Como iniciar um processo de Nulidade Matrimonial na Diocese de Joinville

Com a Fundação do Tribunal Eclesiástico Diocesano de Joinville, se faz sempre mais presente e acessível a justiça da Igreja a todos os fies que dela necessitam. E a primeira pergunta quem vem é: Como faço para iniciar um processo de nulidade matrimonial?
Segundo pedido do próprio Papa Francisco no Motu ProprioMitisIudex Dominus Iesus, Art.3 das Regras Processuais nas Causas de Nulidade do Matrimônio, orientamos que o primeiro contato seja feito na paróquia onde reside a parte que quer ter a iniciativa jurídica. Busque-se o próprio pároco para expor a ele a situação matrimonial passada, manifestando os motivos que levaram ao fracasso do matrimonio.

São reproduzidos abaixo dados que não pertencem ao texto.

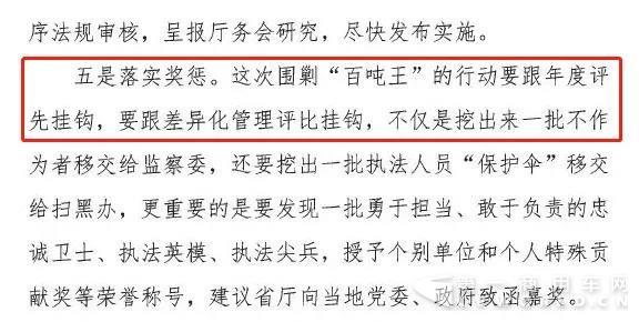 这次围剿“百吨王”的行动要跟年度评先挂钩,要跟差异化管理评比挂钩,不仅是挖出来一批不作为者移交给监察委,还要挖出一批执法人员“保护伞”移交给扫黑办。

Nesta primeira conversa o pároco saberá identificar se existe ou não a possibilidade de levar adiante um processo de nulidade matrimonial, pois nem todos os matrimônios que fracassaram são passiveis de um processo de nulidade, é necessário que se deem algumas condições, como: impedimentos canônicos (cf. cânones 1083 a 1094 do Código de Direito Canônico); algum defeito de consentimento (cf. cânones 1095 a 1103); falta de forma canônica (cân. 1108). Identificando-se a capacidade de se fazer o processo de nulidade matrimonial, o pároco orientará o fiel a fazer o libelo (documento onde se expõe a vida matrimonial passada e onde se requer que se faça justiça).
Em nossa diocese todas as paróquias contam com pessoas qualificadas da Pastoral Judiciária que acompanham as pessoas durante todo o iter processual e ajudam a elaborar o libelo, o contato destas pessoas pode ser pedido na secretaria paroquial ou diretamente no Tribunal. Após a redação do primeiro rascunho do libelo, deve-se dirigir ao tribunal para pedir que algum dos oficiais que aqui colaboram, possam revisar e aprovar o libelo, para só depois assinar e entregar pronto na secretaria do Tribunal.

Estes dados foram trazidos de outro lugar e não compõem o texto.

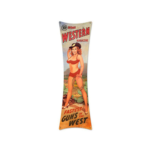 Western Magazine, Pinup Girls, Bowtie Metal Sign, 27 X 8 Inches

Quando é entregue o libelo pronto, este entra numa fila de espera para que se dê início propriamente dito ao processo com o “Decreto de Admissão do Libelo” baixado pelo Vigário Judicial da Diocese.
Além dos processos de nulidade, existe ainda na Igreja alguns casos de dissolução do vínculo, o mais conhecido é o processo de matrimonio Ratificado e não Consumado.